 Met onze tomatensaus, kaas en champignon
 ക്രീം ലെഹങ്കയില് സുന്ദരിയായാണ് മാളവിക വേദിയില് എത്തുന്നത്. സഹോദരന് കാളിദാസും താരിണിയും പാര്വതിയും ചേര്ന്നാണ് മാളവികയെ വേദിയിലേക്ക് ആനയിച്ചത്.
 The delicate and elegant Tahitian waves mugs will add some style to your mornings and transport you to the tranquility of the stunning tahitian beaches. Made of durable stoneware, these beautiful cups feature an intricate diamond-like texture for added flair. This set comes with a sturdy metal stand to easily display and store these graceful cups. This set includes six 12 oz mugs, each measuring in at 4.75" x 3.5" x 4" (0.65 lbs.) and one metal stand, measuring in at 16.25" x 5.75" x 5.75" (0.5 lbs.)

▶ About this task: Every line from the one containing "ക്രീം ലെഹങ്കയില് സുന്ദരിയായാണ്" through the final line of the data above is to be restated word for word, and nothing more.

▶ Result of the exercise:
 ക്രീം ലെഹങ്കയില് സുന്ദരിയായാണ് മാളവിക വേദിയില് എത്തുന്നത്. സഹോദരന് കാളിദാസും താരിണിയും പാര്വതിയും ചേര്ന്നാണ് മാളവികയെ വേദിയിലേക്ക് ആനയിച്ചത്.
 The delicate and elegant Tahitian waves mugs will add some style to your mornings and transport you to the tranquility of the stunning tahitian beaches. Made of durable stoneware, these beautiful cups feature an intricate diamond-like texture for added flair. This set comes with a sturdy metal stand to easily display and store these graceful cups. This set includes six 12 oz mugs, each measuring in at 4.75" x 3.5" x 4" (0.65 lbs.) and one metal stand, measuring in at 16.25" x 5.75" x 5.75" (0.5 lbs.)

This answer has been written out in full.